### Source material
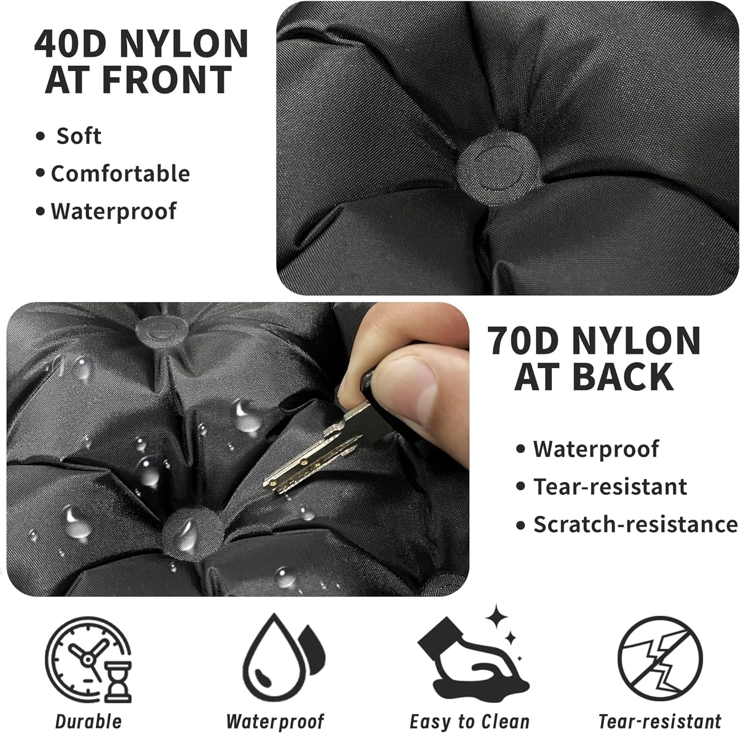 ULTRA LIGHT & PORTABLE – The lightweight cushion weighs only 75g/2.6oz, which is equivalent to the weight of an egg. With dimensions of 12×5.5cm/4.7×2.2in, the cushion fits easily in the palm of your hand and occupies only a small corner of your backpack, so you can’t feel its presence when not in use. ABRASION & TEAR RESISTANT – The surface layer of the durable seat pad is a high-density 30D checkered nylon TPU material, which is both soft and skin-friendly, and wear-resistant and tear-resistant. The inner layer has TPU film layer, airtight stronger not to leak, and waterproof and moisture-proof role. MULTI-POINT SUPPORT DESIGN – The interior of the Mat uses an electric welding pattern to create a high plane matrix between the interconnected airbags to form multiple air support lattices with multiple points of support to evenly disperse pressure, combined with a thickness of 5 cm/2 inches, it has a greater weight-bearing capacity and is more comfortable to use. FAST INFLATION & DEFLATION – Configured with 2.5cm adjustable inflation valve port, press the button can be one-way air intake, the inflatable process will not leak, can easily and quickly blow with the mouth to complete the inflatable. Press the button again, that is, continuous air out, fast discharge of air.
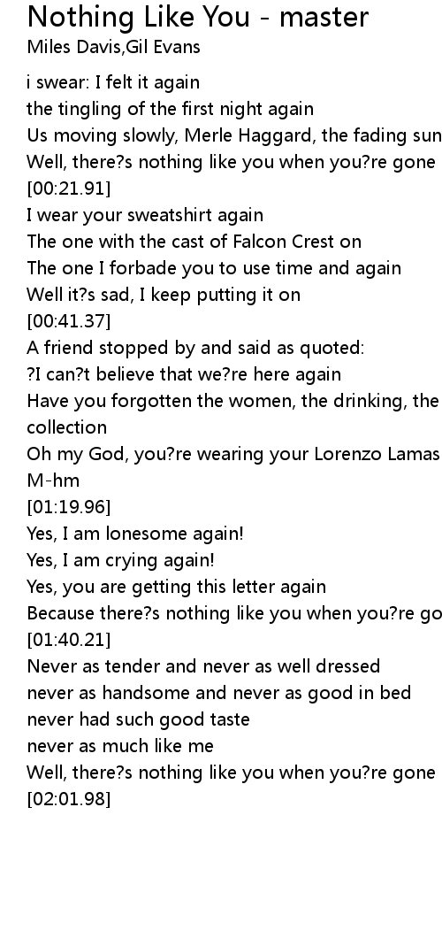 | [01:35.26] | Because there?s nothing like you when you?re gone |
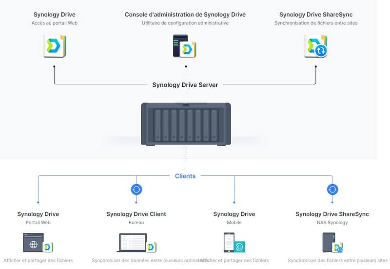 Dans ce tutoriel, nous allons voir comment mettre en place la solution Synology Drive Server sur un NAS Synology afin de stocker, partager et synchroniser des fichiers facilement. Cette solution reprend le principe de Google Drive, Dropbox, OneDrive, etc... Où les données sont stockées sur un espace de stockage centralisé et accessible à partir de périphériques (ordinateurs, smartphones, tablettes) à partir d'un navigateur ou d'un client de synchronisation. Sauf que là, la différence n'est pas négligeable : les données sont hébergées sur votre NAS, et non dans le Cloud public, comme on peut le faire avec d'autres solutions (Nextcloud) ou NAS dans le but de créer son Cloud privé.
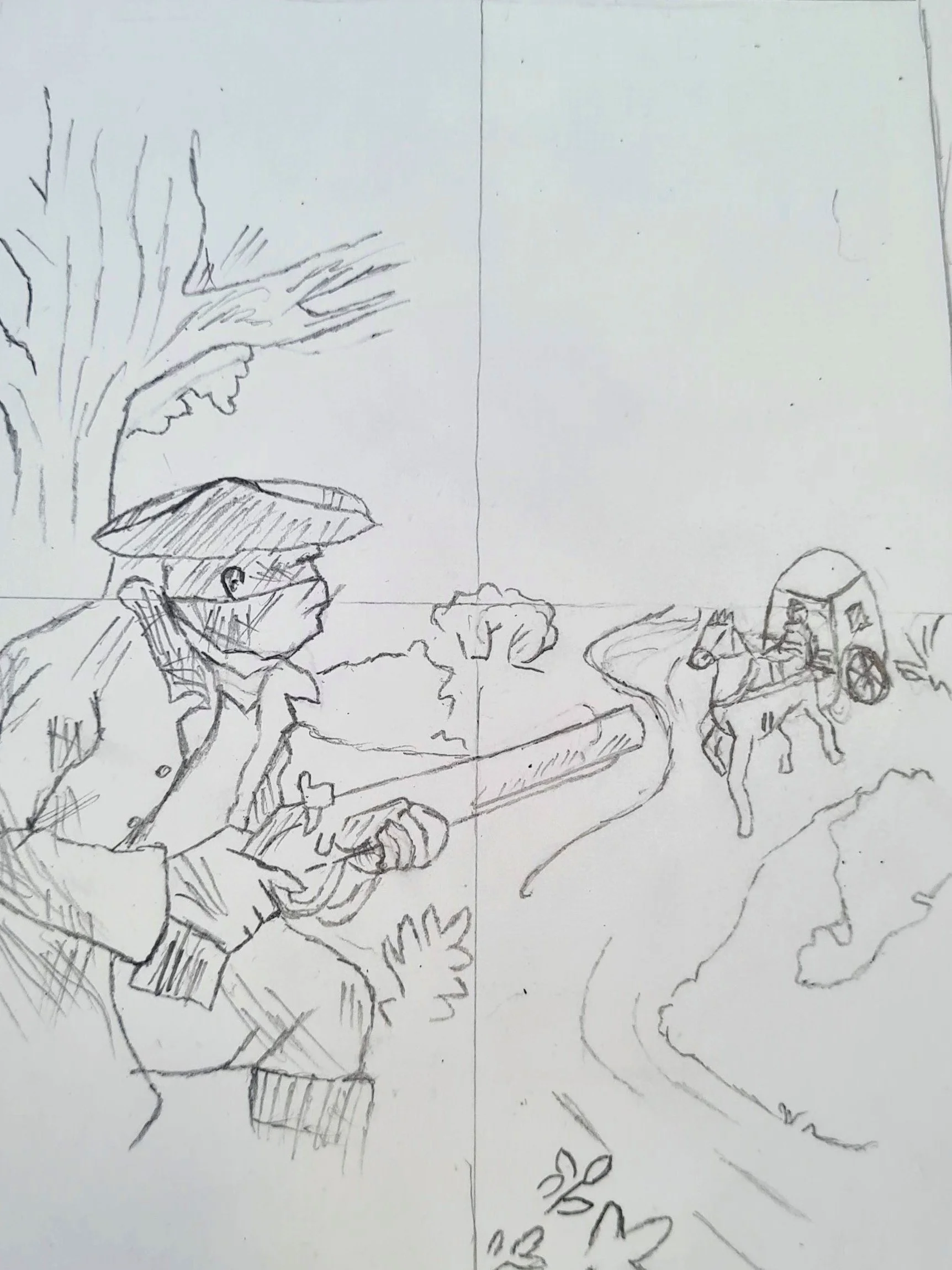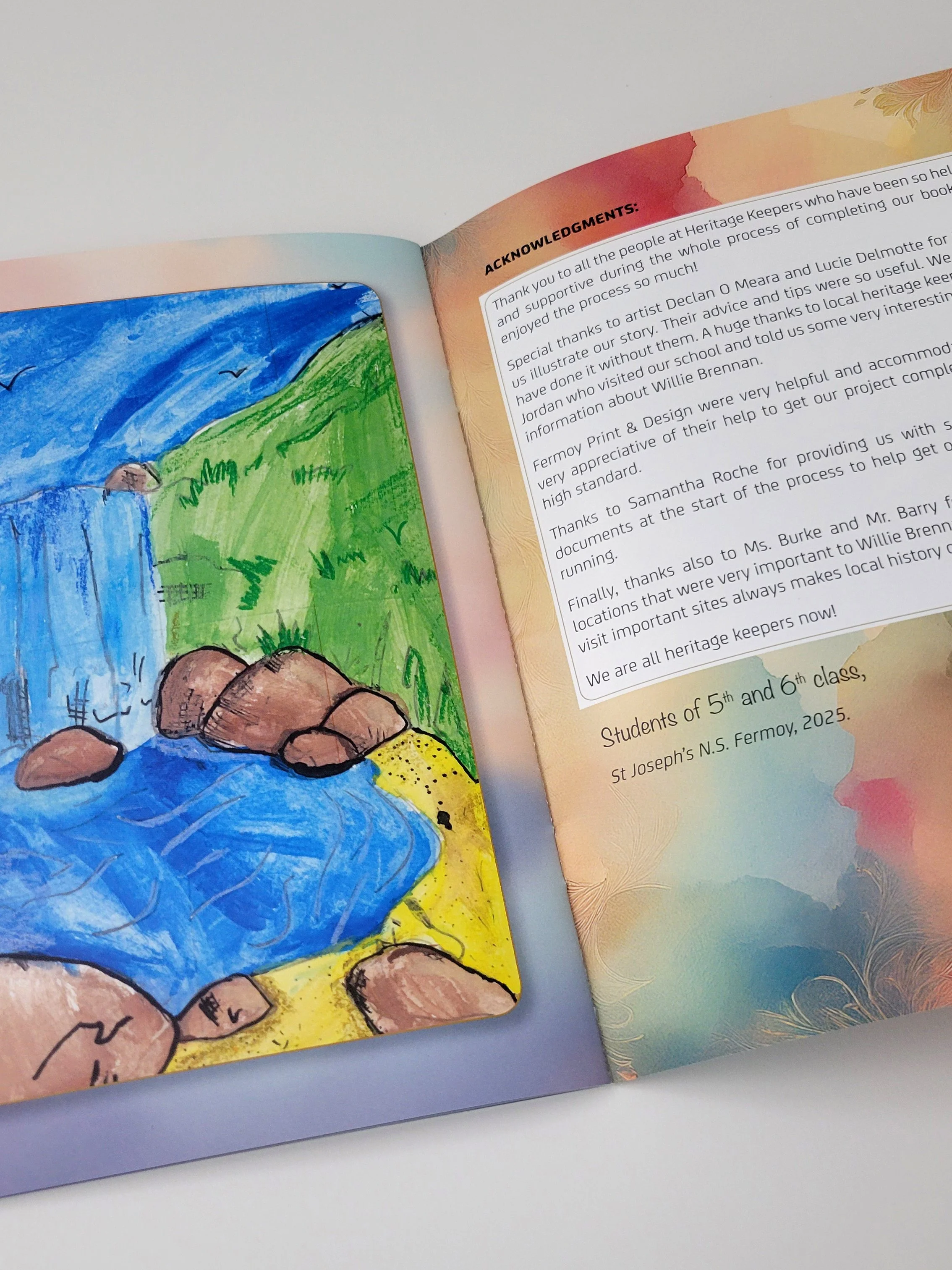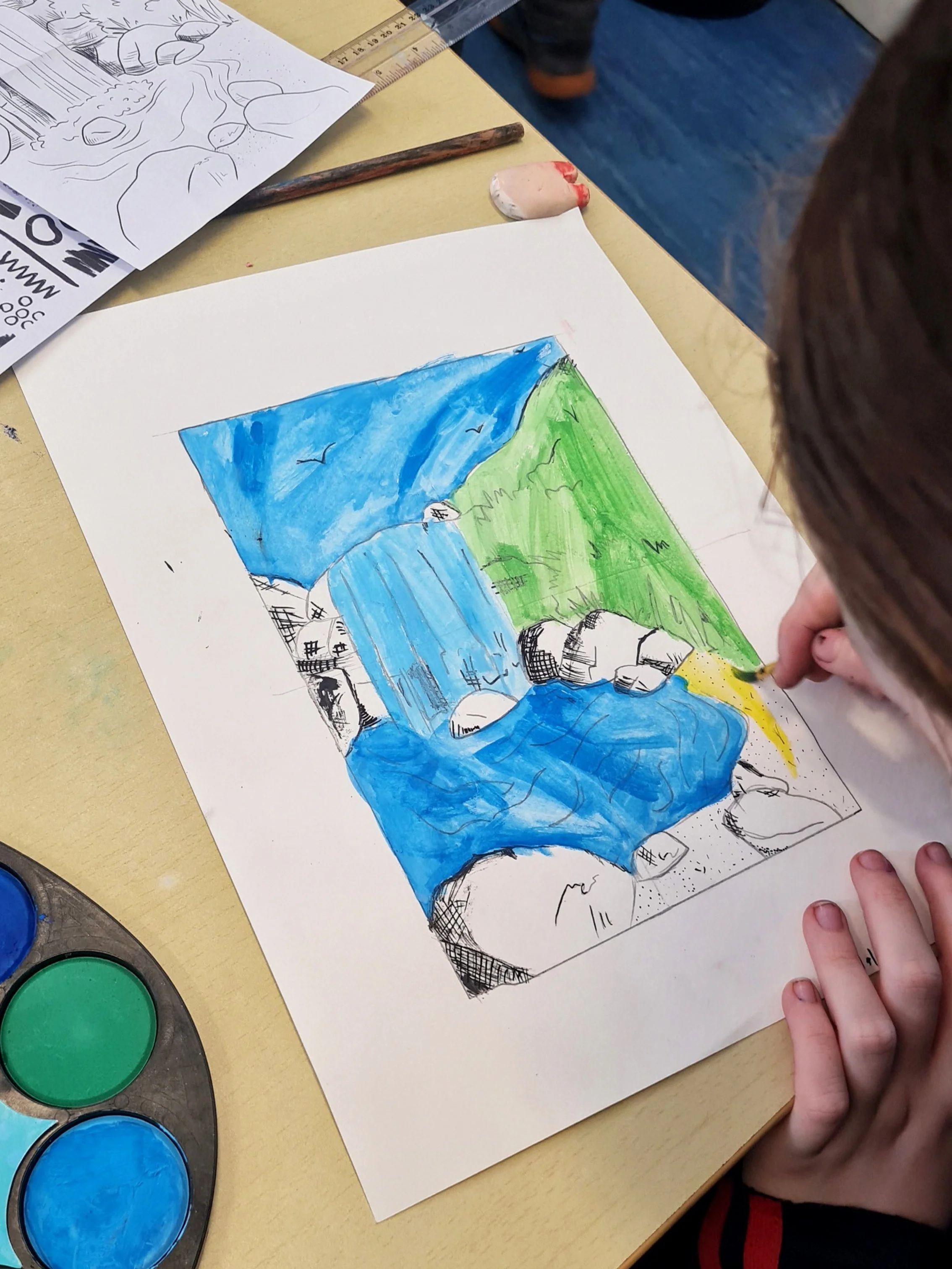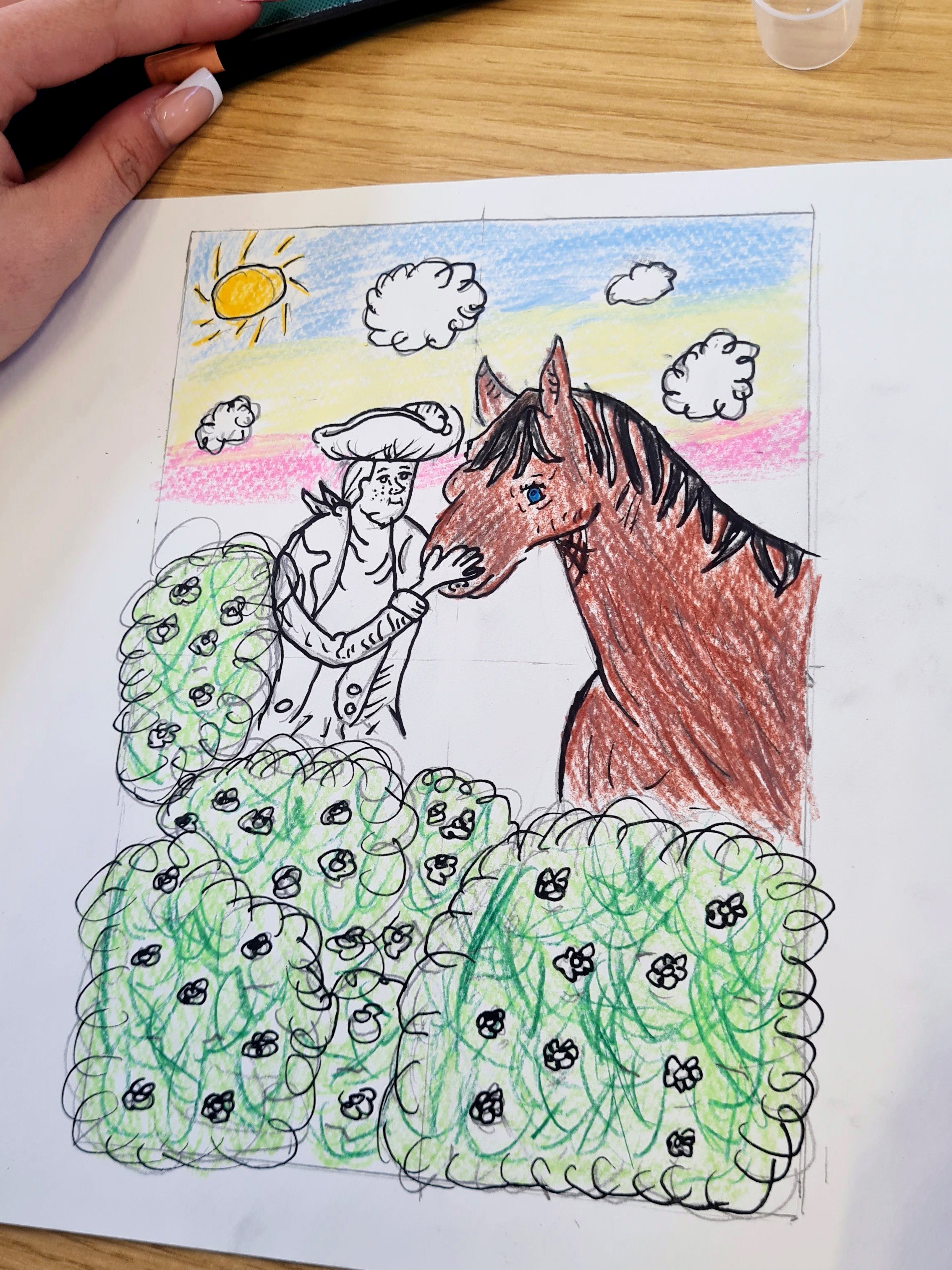 During this illustration workshop, the 5th and 6th class students explored and illustrated the life of Willie Brennan, the legendary 18th-century Irish highwayman who became a celebrated “Robin Hood” figure in Irish folklore. Working with a range of drawing media, they brought their texts vividly to life through their artwork.
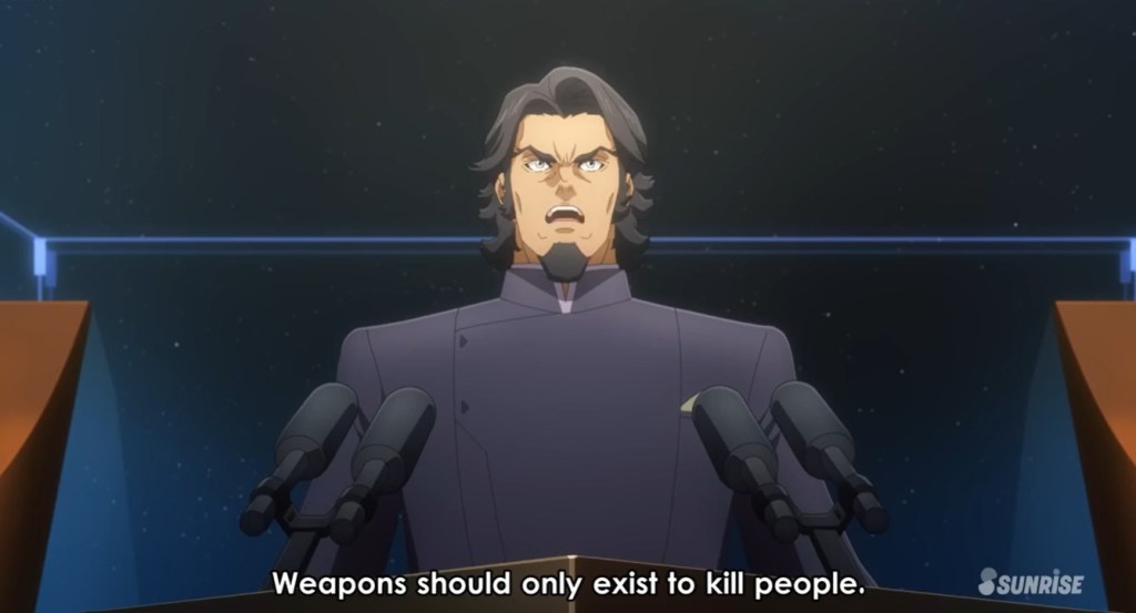 Even if Vanadis was manufacturing the Mobiles Suits and they were causing harm, it’s the clients that buy them that are ultimately the problem. I fail to understand how military hardass Delling has enough authority to murder a swath of people due to his beliefs. It’s clear the Mobile Suit Council isn’t pleased with Ochs Earth but murder wasn’t on anyone’s agenda until Delling decided it was necessary.
######
● Your goal:
In the answer, give only the lines from the one containing "During this illustration" through the end of the records above, each reproduced exactly. Include no pictures.

● Written answer:
 During this illustration workshop, the 5th and 6th class students explored and illustrated the life of Willie Brennan, the legendary 18th-century Irish highwayman who became a celebrated “Robin Hood” figure in Irish folklore. Working with a range of drawing media, they brought their texts vividly to life through their artwork.
 Even if Vanadis was manufacturing the Mobiles Suits and they were causing harm, it’s the clients that buy them that are ultimately the problem. I fail to understand how military hardass Delling has enough authority to murder a swath of people due to his beliefs. It’s clear the Mobile Suit Council isn’t pleased with Ochs Earth but murder wasn’t on anyone’s agenda until Delling decided it was necessary.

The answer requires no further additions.